Would you please output, word for word, the span of the listing below that opens on the line containing "Masser af skiudstyr, både" and closes on the line containing "Wysokie buty ze"? Include both ends and nothing more.

** SOURCE DATA **
+-------+

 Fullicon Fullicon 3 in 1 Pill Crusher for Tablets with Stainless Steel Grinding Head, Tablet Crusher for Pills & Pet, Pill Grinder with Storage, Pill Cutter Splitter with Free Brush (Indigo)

+-------+

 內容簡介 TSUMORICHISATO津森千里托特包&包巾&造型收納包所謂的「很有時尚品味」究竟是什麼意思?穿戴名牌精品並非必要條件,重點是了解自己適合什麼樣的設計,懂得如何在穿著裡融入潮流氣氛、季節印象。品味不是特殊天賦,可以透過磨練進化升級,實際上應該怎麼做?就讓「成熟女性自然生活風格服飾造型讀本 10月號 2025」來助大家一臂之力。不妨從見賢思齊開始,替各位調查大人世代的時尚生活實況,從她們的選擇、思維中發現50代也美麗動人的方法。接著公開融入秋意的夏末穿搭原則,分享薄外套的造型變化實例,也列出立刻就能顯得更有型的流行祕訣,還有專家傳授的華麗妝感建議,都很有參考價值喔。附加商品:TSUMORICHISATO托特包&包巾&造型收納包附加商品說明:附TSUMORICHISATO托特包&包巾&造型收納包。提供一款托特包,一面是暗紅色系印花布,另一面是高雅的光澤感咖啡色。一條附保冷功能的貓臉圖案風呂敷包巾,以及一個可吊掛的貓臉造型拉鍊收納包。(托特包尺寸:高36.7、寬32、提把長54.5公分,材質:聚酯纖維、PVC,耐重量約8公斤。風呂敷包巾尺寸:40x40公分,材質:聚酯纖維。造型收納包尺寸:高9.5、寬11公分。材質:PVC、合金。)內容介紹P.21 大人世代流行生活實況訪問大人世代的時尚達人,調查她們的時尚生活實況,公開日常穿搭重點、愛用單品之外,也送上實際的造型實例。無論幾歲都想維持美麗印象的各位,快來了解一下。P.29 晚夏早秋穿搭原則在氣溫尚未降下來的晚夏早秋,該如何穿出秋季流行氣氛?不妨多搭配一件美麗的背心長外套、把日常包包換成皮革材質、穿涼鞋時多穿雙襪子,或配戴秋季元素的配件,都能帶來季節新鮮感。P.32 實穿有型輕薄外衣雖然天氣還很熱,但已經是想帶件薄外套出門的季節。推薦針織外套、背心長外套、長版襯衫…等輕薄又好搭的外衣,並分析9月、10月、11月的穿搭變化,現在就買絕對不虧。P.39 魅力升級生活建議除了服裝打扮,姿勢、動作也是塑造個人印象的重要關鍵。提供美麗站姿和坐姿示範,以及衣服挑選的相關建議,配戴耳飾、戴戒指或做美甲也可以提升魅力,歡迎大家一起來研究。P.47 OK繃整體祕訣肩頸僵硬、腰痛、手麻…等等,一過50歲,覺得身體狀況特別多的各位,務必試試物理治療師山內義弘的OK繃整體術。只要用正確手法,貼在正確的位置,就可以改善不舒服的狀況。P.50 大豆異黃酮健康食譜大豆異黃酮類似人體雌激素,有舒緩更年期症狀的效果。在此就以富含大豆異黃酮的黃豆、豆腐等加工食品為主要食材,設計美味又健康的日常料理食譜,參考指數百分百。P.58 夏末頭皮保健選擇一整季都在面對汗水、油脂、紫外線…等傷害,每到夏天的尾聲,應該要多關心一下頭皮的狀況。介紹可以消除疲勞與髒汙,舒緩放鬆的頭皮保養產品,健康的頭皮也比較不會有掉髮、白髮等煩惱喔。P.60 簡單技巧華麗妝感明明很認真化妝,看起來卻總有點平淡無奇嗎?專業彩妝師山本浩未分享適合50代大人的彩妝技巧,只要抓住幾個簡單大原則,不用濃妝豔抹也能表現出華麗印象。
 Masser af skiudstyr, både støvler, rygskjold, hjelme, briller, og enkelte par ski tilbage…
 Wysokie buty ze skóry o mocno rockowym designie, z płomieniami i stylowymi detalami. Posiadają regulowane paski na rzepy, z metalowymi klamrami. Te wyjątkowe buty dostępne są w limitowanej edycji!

+-------+

** THE COMPLETED TASK **
 Masser af skiudstyr, både støvler, rygskjold, hjelme, briller, og enkelte par ski tilbage…
 Wysokie buty ze skóry o mocno rockowym designie, z płomieniami i stylowymi detalami. Posiadają regulowane paski na rzepy, z metalowymi klamrami. Te wyjątkowe buty dostępne są w limitowanej edycji!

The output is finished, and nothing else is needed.